That being said, what has Hoh said that others, like Bacevich, haven’t said better and more prolifically? For you to pretend that his fame is due to anything other than his erroneously reported resume is a bit misleading. People jumped on him because they thought he was a senior career FSO, not because of anything he said. This would have been a non-story — even to you — had his actual resume (a Marine O3 and failed contractor) been reported accurately.
I think you misunderstand the discourse if you think that even a 2nd lieutenant’s rejection of the war wouldn’t be a story, particularly if his brigade commander and McChrystal tried to get him to stay.
I’m not the one misrepresenting Hoh’s resume. See this post if you doubt me. My entire point is that his fame or infamy is a distraction from the actual issue at hand, which is the merits of his critique. It helps that he was on the ground — frankly, I think that’s why people tend to ignore Bacevich. But he shouldn’t rise or fall based on his resume, and I’m surprised that you’re making the meta-point instead of the central one.
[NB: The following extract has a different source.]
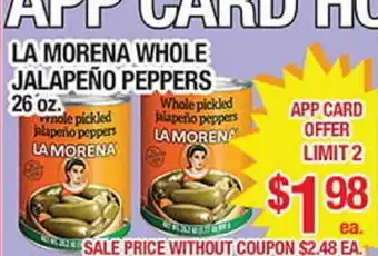 When is LA MORENA WHOLE JALAPEÑO PEPPERS on sale? or "I want to know if LA MORENA WHOLE JALAPEÑO PEPPERS will be discounted next week?" These are very common questions. Many people make a (shopping) list, with products that they are looking to buy next week. That’s why we always post next week’s flyers first. So you know exactly whether you need to wait a while before making a purchase or when to get it at the cheapest price. Keep an eye on our website to see if next week’s flyer has a deal on LA MORENA WHOLE JALAPEÑO PEPPERS.Will there be a promotion LA MORENA WHOLE JALAPEÑO PEPPERS next week?

That’s not true at all — soldiers, of equal and sometimes greater rank to Hoh — have refused to deploy to Afghanistan or resigned upon return (think of Cpt. Rhodes, the Orly Taitz sort-of muse), and they became the objects of RIDICULE, not serious introspection, precisely because how they behaved. And telling your superiors that you’re going to the press isn’t quite the same as them begging him to stay out of the goodness of their hearts. There is an established dissent channel within the Department of State, where even contractors can submit serious moral and ethical concerns all the way up to the Secretary of State. Hoh didn’t use that. He ran to the Post.
Also, he wasn’t on the ground. He was on the main PRT base in Qalat. You’ve been to these PRT FOBs, you know what’s they’re like. I’ve been in contact with several former civilian officials from Zabul, and it’s highly unlikely Hoh ever even left his base, to say nothing of developing the intimate picture of Afghanistan’s society and sentiments to make the judgments he’s making.
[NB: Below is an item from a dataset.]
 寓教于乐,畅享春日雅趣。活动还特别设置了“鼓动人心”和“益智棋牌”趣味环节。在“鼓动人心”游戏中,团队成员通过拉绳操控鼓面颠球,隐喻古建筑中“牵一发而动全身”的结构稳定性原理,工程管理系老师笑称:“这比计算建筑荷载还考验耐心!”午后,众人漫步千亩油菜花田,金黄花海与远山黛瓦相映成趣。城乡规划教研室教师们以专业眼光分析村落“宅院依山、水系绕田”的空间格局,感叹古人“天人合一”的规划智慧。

And if his fame or infamy is a distraction from the merits of his critique… then what is your criteria for discriminating between critiques? On what basis does Hoh’s critique deserve greater consideration than a random blogger? You care because he’s the subject of a 2000 word profile in courage. Otherwise, he’d be a footnote.
Cpt. Rhodes didn’t become the object of ridicule because of anything he said about Afghanistan; he became the object of ridicule because of his apparent birtherism. My sense, in having covered both wars, is that any low ranking officer or enlisted’s perspective becomes strategic when the eye of the press is nearby. I think Gen. Krulak had an observation about that…
I’m not defending the Post’s story or the broader presentation of Hoh. At all. Nor am I passing any judgment on his desire to go to the press, although as a journalist I can hardly blame him for not wanting to bang his head against a channel that he clearly thought was a box-ticking exercise for his superiors. And I obviously wouldn’t know who Hoh is or what he said had it not been for the Post.
But so what? All I’m saying is that the man’s critiques should stand and fall on their own merits. And I include the critiques of “random bloggers” all the time on my blog — because I’m a random blogger! Never did I say or imply that Hoh should be listened to and others excluded. It’s a wide world out there; 1000 schools of thought contend; etc. I was alarmed at seeing an important institution in the debate like AfPak Channel declare over Twitter that it was going to ignore him from now on. Whether that was what APC meant or not — and on reflection, I’m not sure it was — it strikes me as quite an extreme overcorrection of the original error of the Post playing up Hoh.
When you describe Hoh as a “high ranking civilian official,” you feed the hype that he should be listened to because of his resume — which you are still overinflating. He was a contractor. By your definition (and the Post’s) every time I am also a high-ranking civilian official in the Department of Defense who resigned in protest over the conduct and management of his program, so therefore my opinions should warrant extensive consideration, segments on Fareed Zakaria’s show, press conferences, and front page profiles.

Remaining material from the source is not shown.